Trois autres chansons de Kurt Weill sont ajoutées à l'œuvre (dépassant initialement de peu la demi-heure, elle approche ainsi de l’heure). Quoiqu’elles soient en français alors que l'œuvre est en allemand, elles s’y intègrent comme des parenthèses oniriques et pertinentes.
Le péché mignon du plaisir est ici attisé, aux yeux et aux oreilles. L’accompagnement instrumental est assumé et assuré par des phrasés très nets, dégageant émotion et lyrisme. L’acoustique permet d’apprécier les qualités de l’Orchestre Régional de Normandie dirigé par Benjamin Levy, dynamique, alerte et mordant à souhait avec vigilance et même un brin d’ironie.
Le regard est attiré par l’écran mais captivé par les mouvements de la danseuse Noémie Ettlin, dont la précision et la variété des registres épousent celles de la musique. La conscience moralisatrice de cette Anna est interprétée par la mezzo-soprano Natalie Pérez, d’une voix ronde et même assez veloutée. Le moelleux de son vibrato est parfois très présent (au point d’estomper quelques paroles des chansons). Sa projection s’affirme lorsque l’orchestration reste discrète mais passe un peu en retrait lorsque l’orchestre est un peu plus étoffé.

La pieuse famille d’Anna est incarnée par le quatuor masculin attablé et presque caché derrière l’échafaudage.
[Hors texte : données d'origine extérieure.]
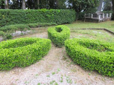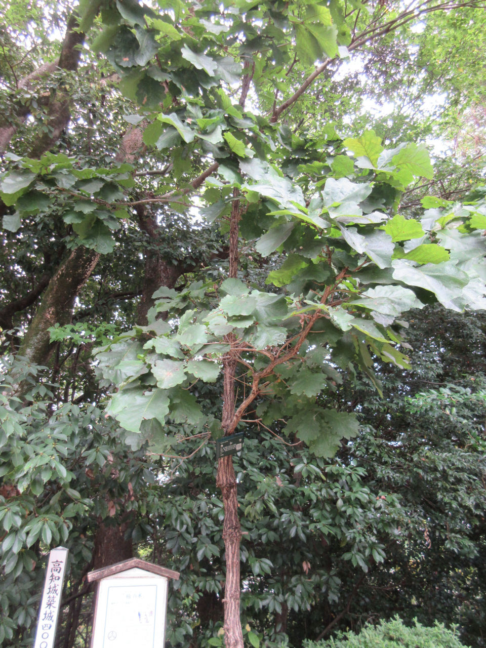 今まで何度か追手門から入ってそのまま上りましたが、今回はあえて、北東側から登りました。人も少なく家紋の「三つ葉柏」由来らしい柏の木や生け垣があります。

L’acidité des ensembles, surtout la partie a cappella lors de la Gourmandise, dépeint bien le côté absurde et grinçant de cette famille, aux airs d’habitants de l’Amérique profonde, qui prient incessamment pour la protection d’Anna contre les vices mais avec surtout leur profit en tête.
Si le ténor Camille Tresmontant et le baryton Guillaume Andrieux n’ont pas vraiment de parties solistes, ils complètent les ensembles avec équilibre. À leurs côtés, la présence imposante et profonde de la basse Florent Baffi marque ses intentions tout à fait… maternelles en mère d’Anna. Bien que le plus souvent en fond de scène, sa voix réussit à se faire entendre et même bien comprendre. Un des frères est incarné par le ténor Manuel Nuñez Camelino, dont le timbre poitriné, presque acide, a droit également à quelques courts moments en soliste et donne ainsi un certain caractère vocal à son personnage, notamment soutenu dans des lignes plus longues.

Le public caennais se montre grandement ravi de ce spectacle, particulièrement charmé par les prestations dansées et musicales des artistes solistes et de l’Orchestre Régional de Normandie le tout dans cette lecture assez épurée et néanmoins efficiente de Jacques Osinski.